Fuel resistant adhesive

GordoSD

Well-known Member
I've finished cleaning and prepping my gas tanks for the H and SMTA. Refurbished the outlet strainers and made up new steel lines. I drilled out the tops of the strainers to 5/8 and installed 1 inch sections of copper freezer pipe into them for little stand pipes. The copper tubes go in there nicely but are not tight. I can rotate them with my fingers.
I'd like to cement them in there. I need a fuel resistant adhesive. Where to find and who makes it? Would JD Weld hold up immersed in gasoline?
Is there a metal product like pipe thread teflon sealing tape?
I tried tinfoil but it's too thick.
Then what do you guys use on the strainer threads when installing them into the tank bottom?

Gordo
 
JB weld will do the job. Just be sure to let it cure at least overnight before exposing it to gas. I made a similar standpipe on my M and used JB to hold it in place. That was at least 8? years ago. still in place and still holding.
 
Rusty, how long did you make it? Mine extend 5/8 of an inch from the strainer, and are set 3/8 inch deep into it. I saw the tip on the Ford board. And there was some discussion in the Ford archives.

Gordo
 
Gordo - JB Weld will hold up for a long time, but it won't last indefinitely immersed in gas.

I've patched several carb floats, strainer screens etc. with JB. Discovered that after 6 - 8 years of exposure to gas the JB tends to soften and lose its bond.

(Incidentally I found the same thing happens to JB when it's continually immersed in motor oil.)

I'm sure there are gas-resistant epoxies, etc. out there - I just don't know what they are.

Any way you can solder the standpipes in place? (Probably not because the sediment bulb body is likely zinc diecast...).

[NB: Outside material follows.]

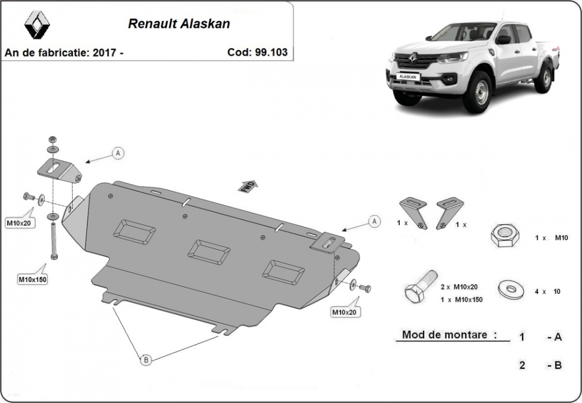 Die Abschirmung schützt: kühler Renault Alaskan - 2017 und 2026. Der Unterfahrschutz ist neu und passt perfekt für alle Renault Alaskan versionen, die zwischen 2017 und 2026 hergestellt wurden. Aus Stahlblech angefertigt mit einer Stärke von 2 mm. Schrauben, Mutter, Klips - alle Befestigungszubehör sind im Lieferung enthalten. Um mehr Schutz zu bieten gegen Korrosion wird der Unterfahrschutz elektrostatisch besprüht (Pulverbeschichtet) und bei 200o eingebrannt bzw. getrocknet. |

Or can you expand 'em (work 'em a bit over a suitable mandrel, etc to start a bit of a flare at the end) to give 'em a light interference fit into the strainer assembly?

----

For sealing the sediment bulb threads in the tank bottom, regular old teflon tape works fine and it lasts indefinitely.
 
How about using a nail or punch to swell up the pipe so it presfits into the fitting. If one of them is copper, and the other is zink, there may be corrosion due to electrolysis. (just a thought) JimN
 
Gordo, I've had good successes with PVC jointing cement. Tipped some in a 10-20 fuel tank and Honda farm bike tank and no more leaks or seepages. Secret is to shake and rotate the tank after you've poured the cement in to spread it and let it sit for 24hrs afterwards.
Also made a new carby float for a 15-30 with cork coated in PVC cement.
 
I use this stuff called Seal-all it is made for gas and oil.it is a contact adhesive and sealant it will seal up a gas tank great. it drys fast and it holds up well. I see on the tube they have a web site www.seal-all.com. I get it at my local hardware store.
I think this will work great for what you want to do.
Good Luck Ed
 
I don't remember exactly on the depth or the length, but I'm sure it is close to what you did.
I think I made mine out of a piece of steel fuel line, probably 5/16". I know I had to drill out the inside of the inlet to get it to fit. If I remember right, I also JB'd a strainer screen from a fuel inlet fitting onto the standpipe. The whole thing sticks up about 1 1/2" from the bottom of the tank.
 
Seemed like a brilliant solution. Used a tapered nailset the right size and "swelled the tube. It was TIGHT to get in there with my hand. Got it about 1/2 way in. When I tapped it home with a very small hammer, it just reformed back to it's original size, loose. Will go with the PVC cement. I had another old strainer body, so I drilled that in the press with a 19/64 bit. Too small, so I polished the tube on a motor driven cork abrasive wheel til it was a very very snug fit. BTW what size is a letter F bit?
Thanks for the help guys. I'll let you know in a year how much gook is at the bottom of the tank, that is NOT going through the fuel system.
Wonder if I will end up with 1/2 inch of ice down there next winter?
Also just for info, the gasket and strainer from IH was less than 3 dollars.

Gordo
 
I Googled fuel reistant adhesive and saw that. But no luck finding any in this little town on the prairie.

Gordo
 
Rusty, do you have a source for those fuel inlet screens? I have some inlet fittings w/o them. At 18 dollars a pop at IH I'd like to refurbish those fittings with screens.

Gordo
 
I've been searching those fittings everywhere I can think of for about 5 years now, and I still have to get them at Case-IH, and yes, they are about $18 a pop.